Fairfax City’s current bike network is oriented around its parks and focused on trails, which are extensive. The Fairfax City chapter of FABB is focused on improving access to key destinations in and near the city, such as Old Town stores, offices, supermarkets, George Mason University and the Vienna Metrorail station. FABB volunteers have identified several viable bicycle routes between GMU and the Vienna station, both along University Drive and  Old Lee Highway. As the above picture of Old Lee suggests, there is excess capacity on the road that could accommodate bicycle lanes.

With transportation improvements looming for Fairfax Boulevard, FABB wants to get ahead of the curve and ensure that on-road bike lanes and other bicycle and pedestrian measures are included in the reshaping of the city’s commercial center. Recently approved widenings of Jermantown Road, where two city schools are located along with a neighborhood park and the Gainesborough Court apartment complex, will make that street harder to cross and to navigate by bicycle. We don’t want the same thing to happen with Fairfax Boulevard.

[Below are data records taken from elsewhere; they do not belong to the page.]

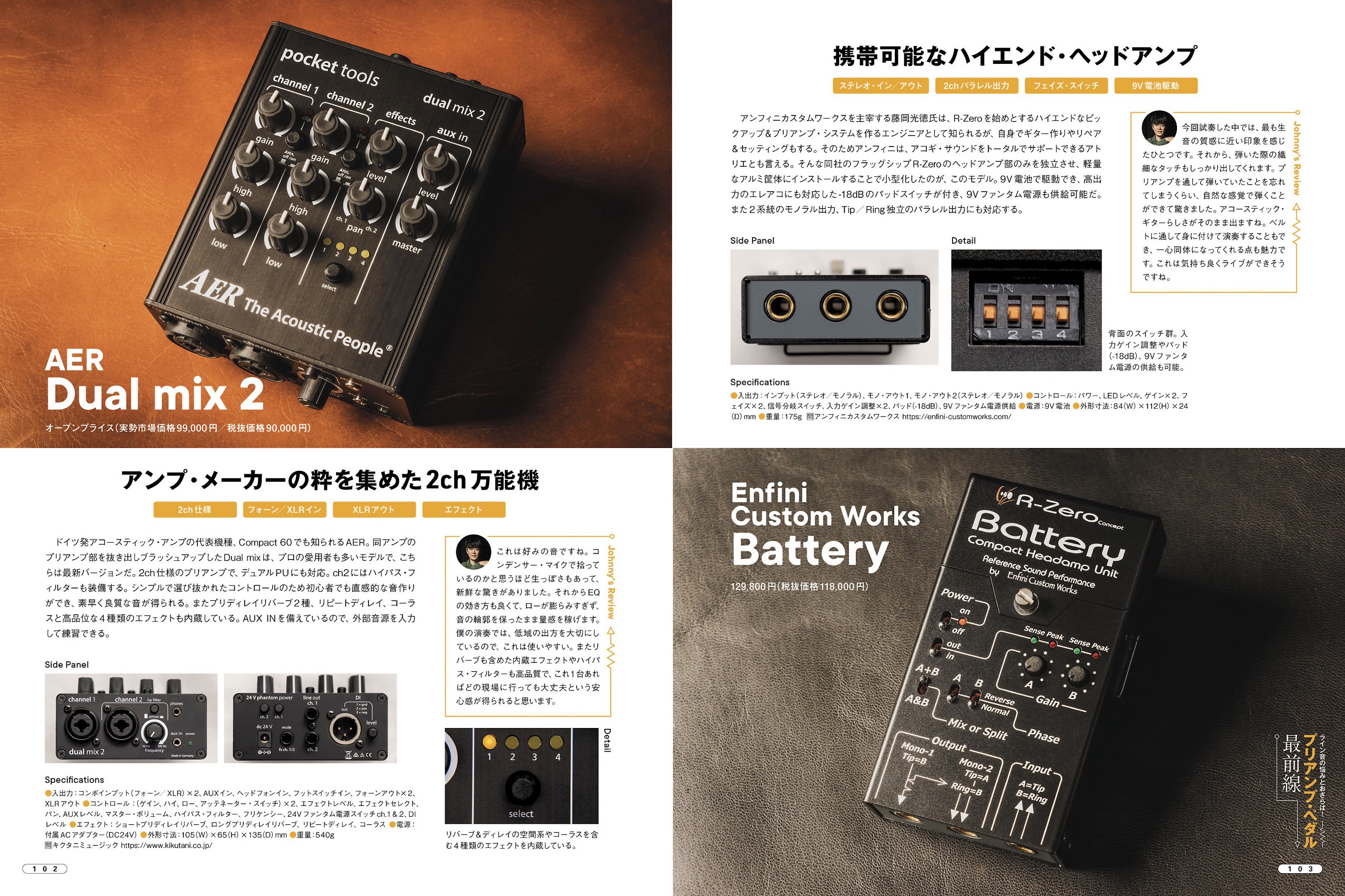 生楽器であるアコースティック・ギターの音を、アンプ/スピーカーからどのように鳴らすのか......そう考えたとき、プリアンプ・ペダルはギタリストにとって永遠の命題だ。混同しがちなDIも含めて各機能の役割をおさらいし、意図したサウンドをPAへ届けられるようになろう。その上で各社の粋を集めた現行8モデルを紹介する。また岸部眞明、沖仁やNAOKI(LOVE PSYCHEDELICO)といった音にシビアな名手の愛用モデルも公開。最前線のプリアンプ事情をひも解いていく。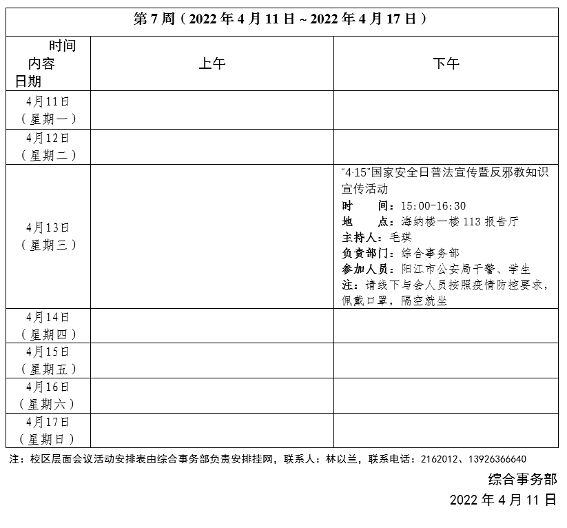 电话:0662-2162001(综合事务)、2162721(组织人事)、2162085(教学科研)、2162136(学生事务)、2162163(后勤服务)、2162096(资产财务)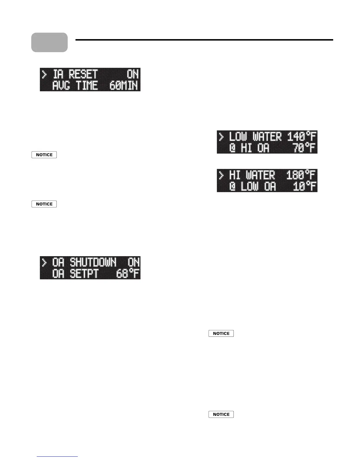 OA RESET (enables or disables outdoor reset function).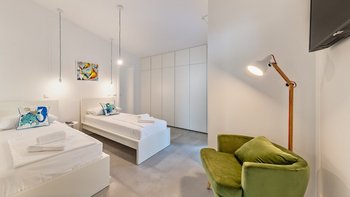 Mit herrlichem Blick auf die mediterrane Flora und die Adria ist die Villa Lumin ein modernes Anwesen mit atemberaubenden Möbeln und PRIVATER POOL. Es gibt vier geräumige Schlafzimmer, jedes mit eigenem Bad, Farbgebung und Blick auf das Meer. Im Wohnbereich lassen raumhohe Fenster viel Tageslicht herein, mit einem Flatscreen-TV und bequemen Samtmöbeln. Deren voll ausgestattete Küche ist ähnlich elegant und modern, mit einer Frühstückstheke und einem Esstisch für acht Personen. Obwohl die Villa in jeder Hinsicht modern ist, schafft es sie, dank ihrer Natursteinakzente einen Hauch der traditionellen Architektur der Region zu präsentieren.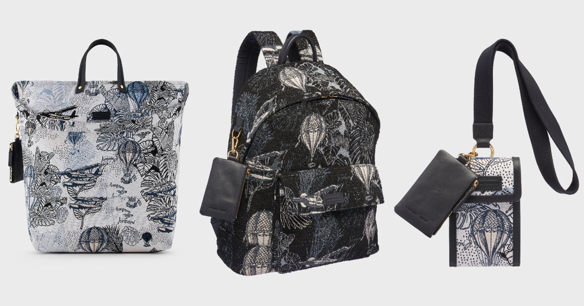 アイキャッチーなモンステラや小さなハイビスカスの花を連想させるトロピカルな植物、飛行機、気球の大胆な柄使いが、ホワイト、ライトブルー、ネイビーの海や空をイメージするブルートーンのカラーパレットで描かれたリゾートカプセルコレクション。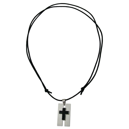 Vortrefflicher Edelstahl-Schmuck für die Herren der Schöpfung! Der Edelstahl-Anhänger mit dem schwarz emaillierten Kreuz hängt an einer 1mm dünnen, schwarzen Baumwollkordel, die einen verstellbaren Schiebeknoten zum Regulieren der Länge von 50cm bis 90cm besitzt. Ein echter Blickfang ist der Kontrast der schwarz glänzenden Emaillefläche vom 16x19mm großen, aufgesetzten Kreuz zu der mattierten Stahlplatte. Der viereckige Herrenschmuck-Anhänger aus einer 35x20x3mm großen, mittig geschlitzten Edelstahlplatte, hängt an einer 5x7mm großen, glänzenden Anhängerschlaufe, durch die auch gern eine dickere Kette oder Kordel gezogen werden kann. Lange Ketten eignen sich gut als Pulloverketten und können ohne den Verschluss zu öffnen über den Kopf angelegt werden. Alle Bestandteile dieser Modeschmuck-Kette wurden in Deutschland produziert und die Kette selbst in Handarbeit - made in germany - fertiggestellt.

Posted in Bicycling, Fairfax Boulevard, Fairfax City | Tagged: , | 1 Comment »

Fairfax Boulevard

Posted by Fairfax City Citizens on June 1, 2009

Photo courtesy Dover Kohl

Photo courtesy Dover Kohl

It’s been more than two years since Fairfax City organized a charrette on 29/50 i.e. Fairfax Boulevard, and I fear the great plan that the city came up with is gathering dust. The plan developed by Dover Kohl was excellent, just the sort of urban streetscape that will help the city capture more business. But Mayor Lederer has backed away from the plan and said it is too compact and dense for Fairfax City.

Maybe so, but the Boulevard needs to reinvent itself through better zoning soon or else the uses coming to replace the increasingly vulnerable auto dealerships and other merchants will be nearly as pedestrian- and bike-unfriendly as what we have now. The most recent new development on the Boulevard is (yet another) Chevy Chase Bank. The building could be worse as far as banks go, but it’s not a step toward a more walkable public corridor either. The mini-shopping center anchored by a Starbucks and Five Guys is standard suburban development fronted by a parking lot. Put parking in back and wall it off from the adjoining neighborhoods.

Old Town Fairfax though is looking better. I would have preferred more apartment units and office units, and a higher building line, but it’s much better than what we had before. And where are the bike racks??? Let’s give credit to the Mayor and Council for getting that through.